Weekly newspaper in Baltimore, Maryland, US

The Baltimore Jewish Times is a weekly newspaper aimed at the Jewish community of Baltimore.

==History==

The newspaper was founded in 1919 by David Alter, and at one time it was the largest Jewish publication in the country. Alter built a seven newspaper chain, but only two survived the Great Depression, including the Baltimore Jewish Times.

In 1972, the paper was taken over by Charles "Chuck" Buerger, the grandson of the founder, and in 1974 he was joined by Gary Rosenblatt as editor. The two expanded the scope of the paper's coverage, as well as the size; in the 1980s the paper regularly exceeded 200 pages, and circulation peaked at over 20,000. In the 1980s the two also acquired The Detroit Jewish News and The Atlanta Jewish Times, which were given similar makeovers.

Rosenblatt left in 1993 to become editor of New York's The Jewish Week. Buerger started the Palm Beach Jewish Times in November 1994, and a Boca Raton/Delray Beach edition in August 1996.

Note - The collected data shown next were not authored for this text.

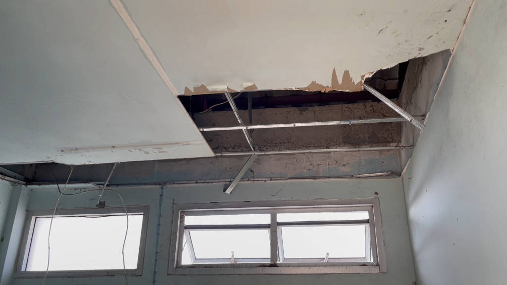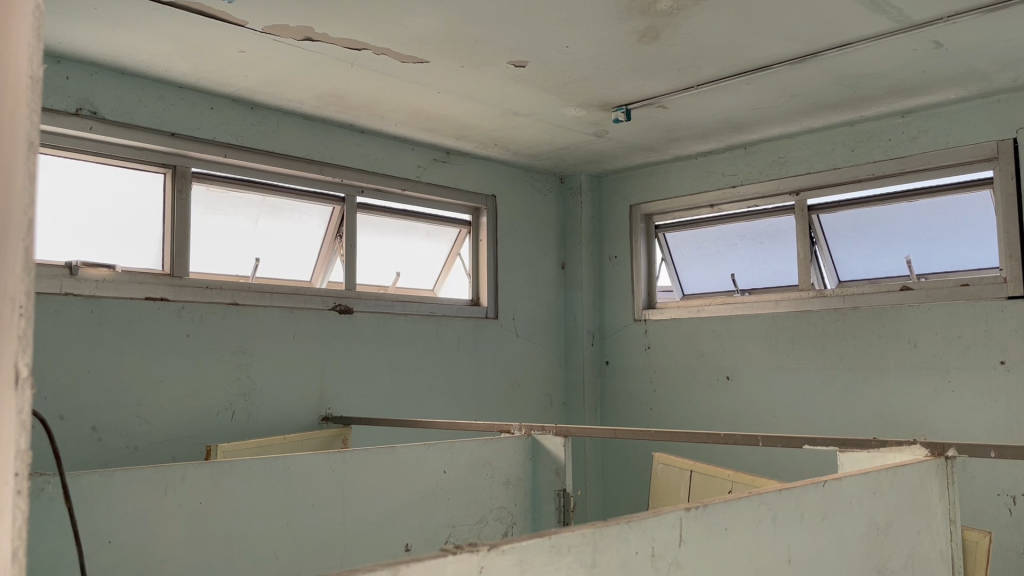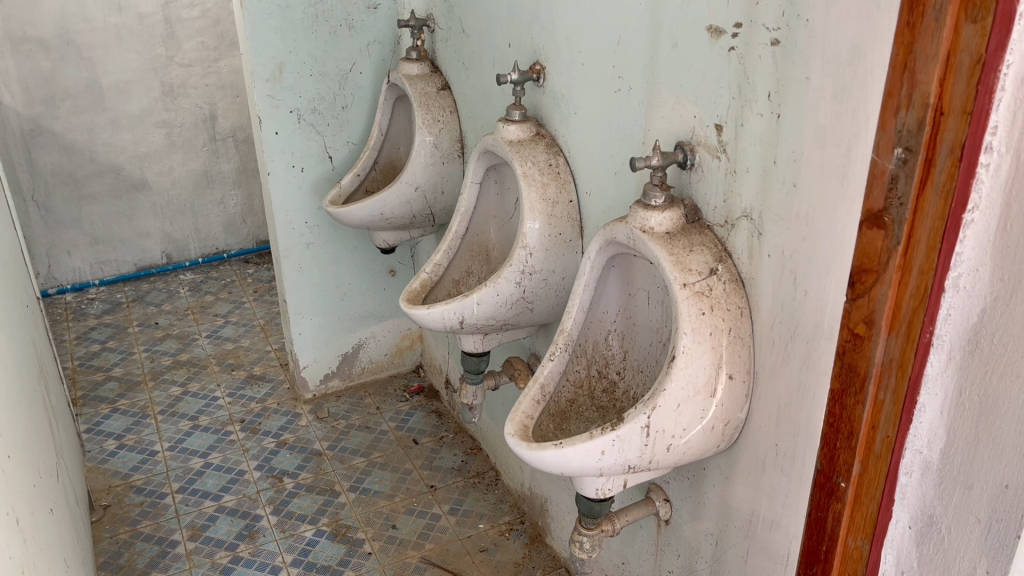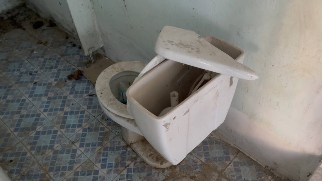 สภาพด้านในอาคารชำรุดเสียหายหลอดไฟฟ้า ถูกถอดออกไป ในห้องน้ำสุขภัณฑ์ต่างๆ อ่างล้างหน้า ฯลฯถูกถอดออกไป เหลือแต่ปูนเป็นรูโหว่ รอบๆอาคารมีร่องรอยเศษแก้ว จากขวดเครื่องดื่มแอลกอฮอล์ แตกกระจาย เกลื่อนไปหมด น่าเสียดาย เพราะตัวอาคารยังใหม่ๆ อยู่ด้านในไม่มีสิ่งของอย่างอื่น หลังคาถูกน้ำหยดใส่จนพังครืนลงมา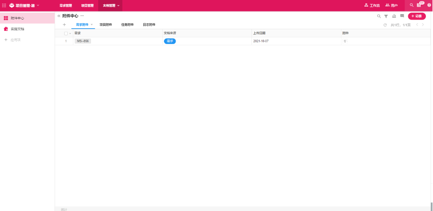 客户提到,有些需求自带附件说明,因此希望有一个地方可以查看所有的附件。所以我们将附件都汇总在文档管理的附件中心。每当有人创建需求、项目、任务和日志附件时,工作流都会在此处自动生成对应记录。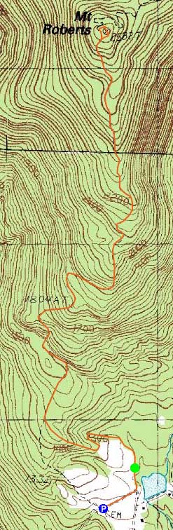 Directions to trailhead: Take Route 109 South from Route 25. Bear left onto Route 171. Shortly thereafter, take a left onto Ossipee Park Road. The small hiker parking lot is located just after the gatehouse, on the right. Continue on the road on foot, taking a left at the intersection. The Mt. Roberts Trail trailhead is located at the corner of the field near the barn.

Buerger died in 1996, and the paper was taken over by his son Andrew. In 1998 Andrew Buerger sold off the Florida newspapers, and in 2000 he sold the Detroit and Atlanta papers to Jewish Renaissance Media.

Phil Jacobs, a Baltimore native and former Jewish Times reporter who had been serving as editor of the Detroit paper, was named Executive Editor of the Baltimore Jewish Times in 1997. During his tenure, the paper published a series of investigative reports on child molestation by members of the rabbinate, and revealed that he had been molested himself as a child. The series won critical acclaim, but also outrage from some members of the Orthodox community, who disputed some of the accusations made. Jacobs' experience writing the series and living through the controversy it raised in his community was chronicled in Standing Silent, a 2010 documentary film by director Scott Rosenfelt (producer of Mystic Pizza and Home Alone, among others).

Jacobs left the Baltimore Jewish Times in June 2011 to become editor of Washington Jewish Week. Andrew Buerger then became editor and publisher, and runs the publication's former parent company, Alter Communications, which also produces Baltimore STYLE magazine and a number of custom publications.

In 2011, the Baltimore Jewish Times underwent a major redesign and became more magazine-like, with coated glossy stock, a smaller page size and more color photography and graphics. In 2012, the publication was sold at bankruptcy auction and purchased by Route 95 Publications LLC, owner of the Washington Jewish Week.

== Awards ==
In 2006 the Baltimore Jewish Times won a 2005 Simon Rockower Award for Excellence in News Reporting and Writing about Scientific and Technological Innovation Out of Israel from the American Jewish Press Association. The paper won six Simon Rockower Awards in 2020, one in 2021, and another two in 2022. In 2023, the American Jewish Press Association awarded the Baltimore Jewish Times one Rockower Award.